The participants in the proxy solicitation are anticipated to be VIEX Opportunities Fund, LP – Series One, VIEX Opportunities Fund II, LP (“VSO II”), VIEX GP, LLC (“VIEX GP”), VIEX Special Opportunities GP II, LLC (“VSO GP II”), VIEX Capital Advisors, LLC (“VIEX Capital”), John Mutch and Eric Singer (collectively, the “Participants”).

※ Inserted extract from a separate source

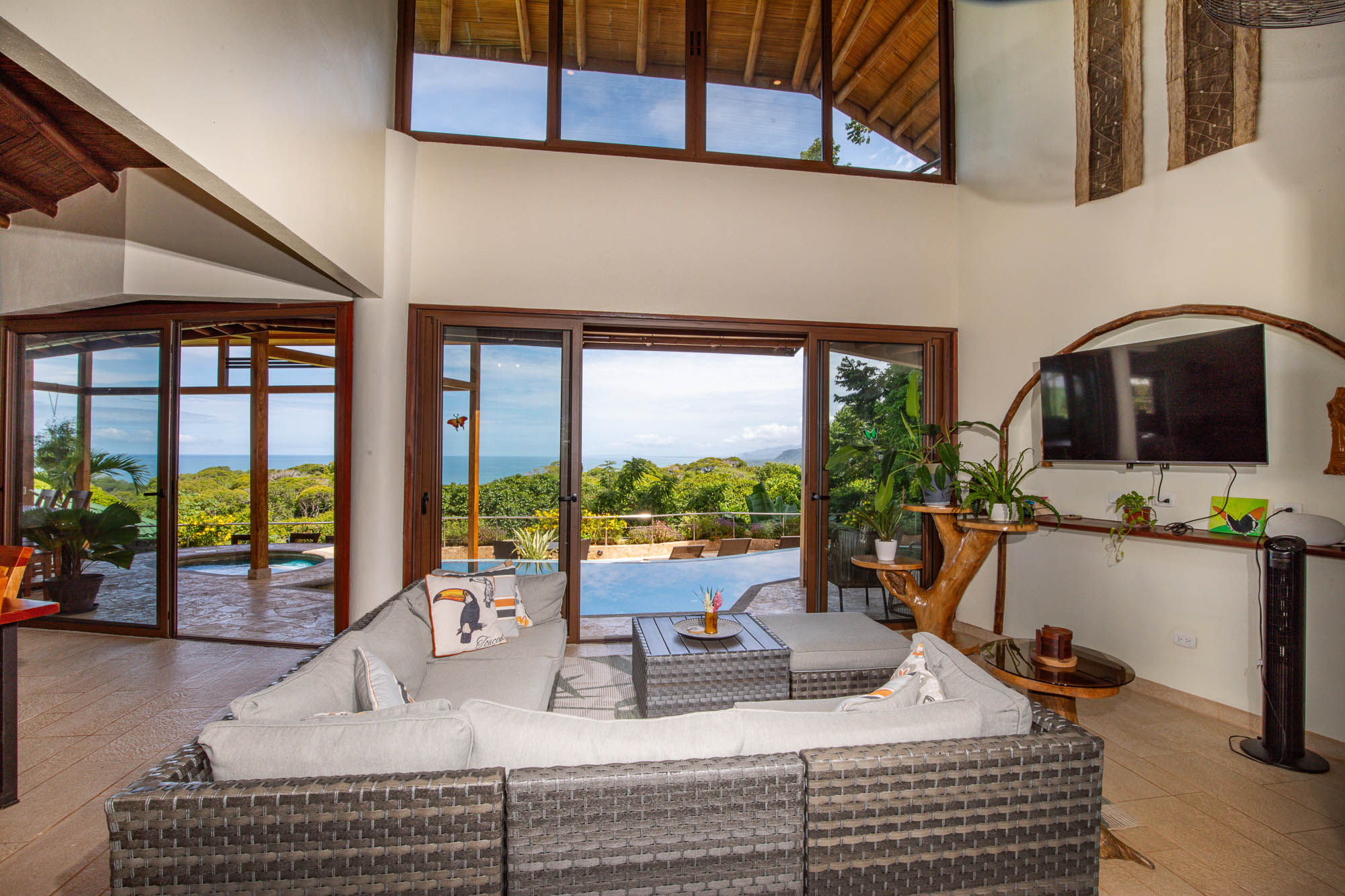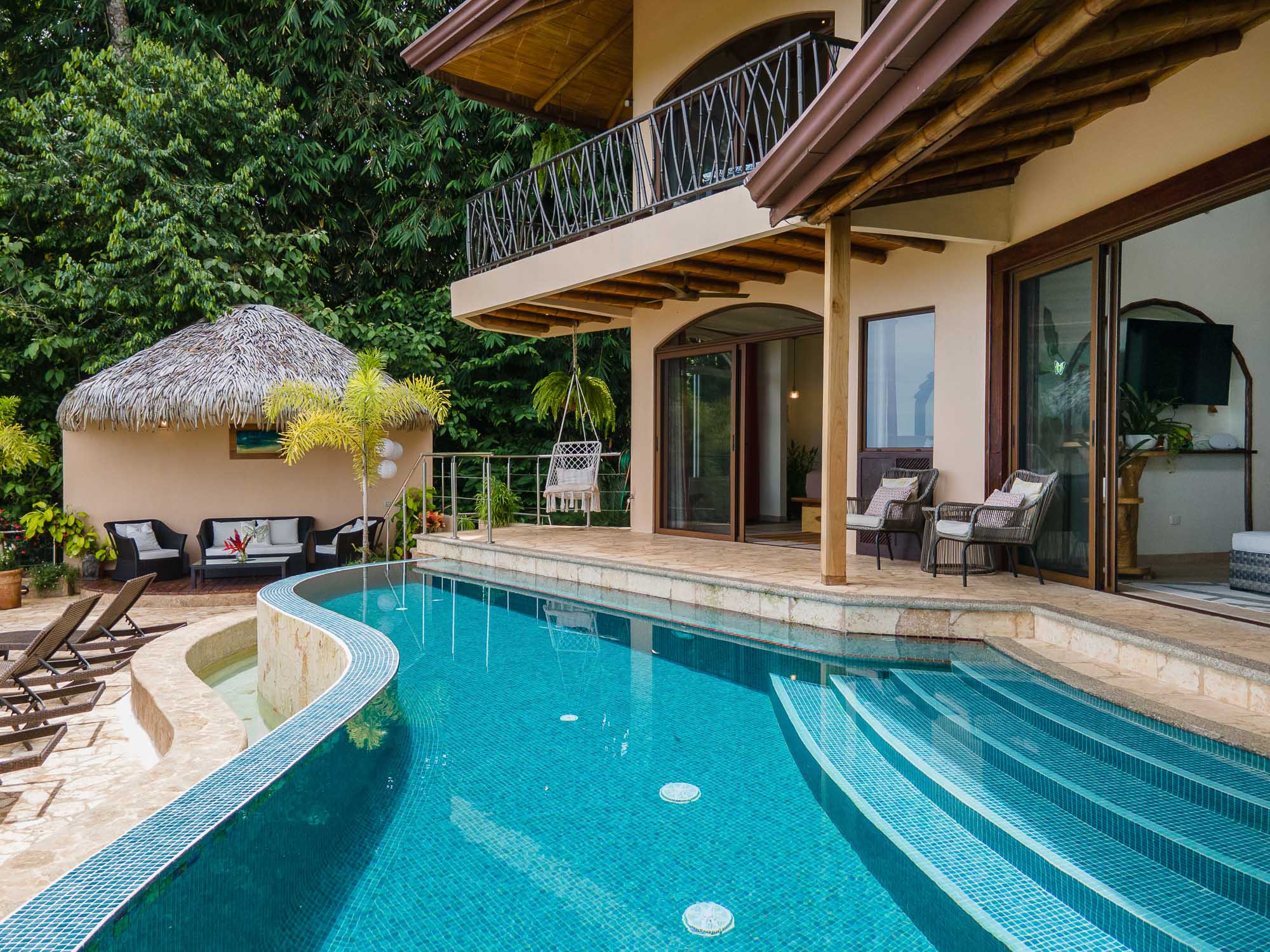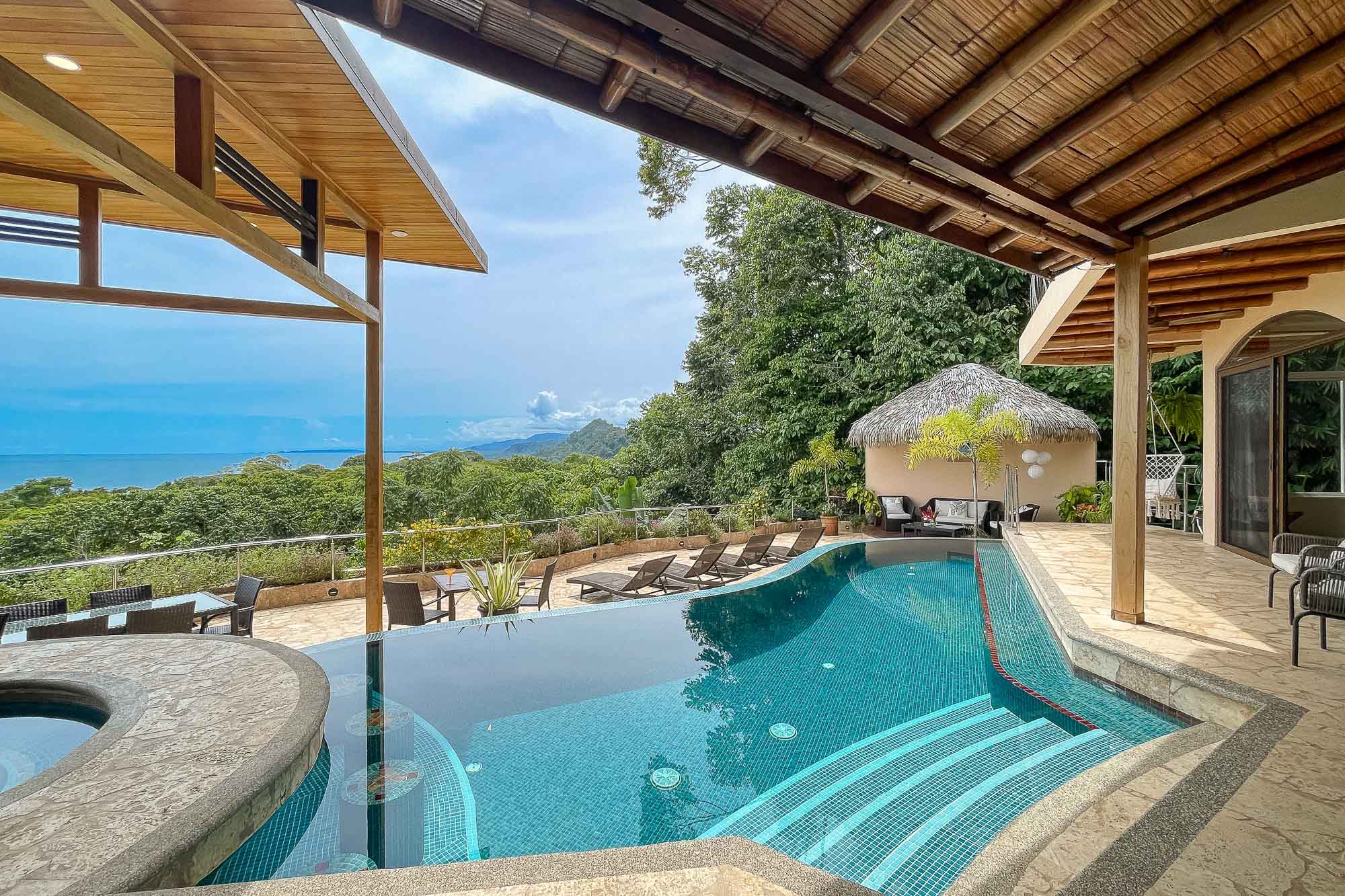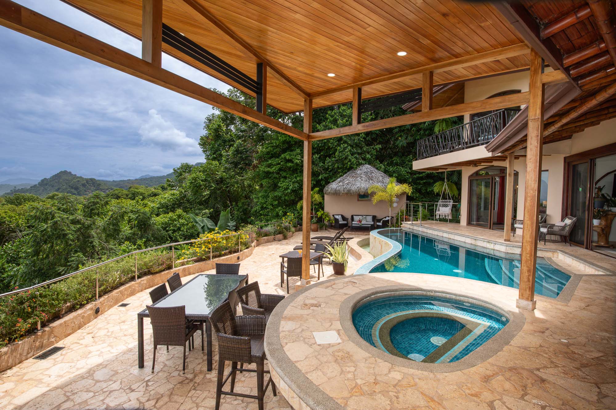 Upon entering the property, you will follow a short driveway to a 5-car parking area. You will be greeted near the front door by a trickling waterfall and pond. Immediately upon entering the front door of the main Villa you will be wowed by the view of the infinity pool, the expansive wrap-around balcony, and of course, the never-ending view of jungle, mountains, and ocean.

As of the date hereof, Series One beneficially owns 729,472 shares of Common Stock directly, including 1,000 shares held in record name. As of the date hereof VSO II beneficially owns 267,658 shares of Common Stock directly. VIEX GP, as the general partner of Series One, may be deemed to beneficially own the 729,472 shares of Common Stock beneficially owned by Series One. VSO GP II, as the general partner of VSO II, may be deemed to beneficially own the 267,658 shares of Common Stock beneficially owned by VSO II. VIEX Capital, as the investment manager of Series One and VSO II, may be deemed the beneficial owner of the 729,472 shares of Common Stock beneficially owned Series One and the 267,658 shares of Common Stock beneficially owned by VSO II. Mr. Singer, as the managing member of VIEX GP, VSO GP II and VIEX Capital may be deemed the beneficial owner of the 729,472 shares of Common Stock beneficially owned Series One and the 267,658 shares of Common Stock beneficially owned by VSO II. As of the date hereof, Mr. Mutch does not beneficially own any securities of the Company.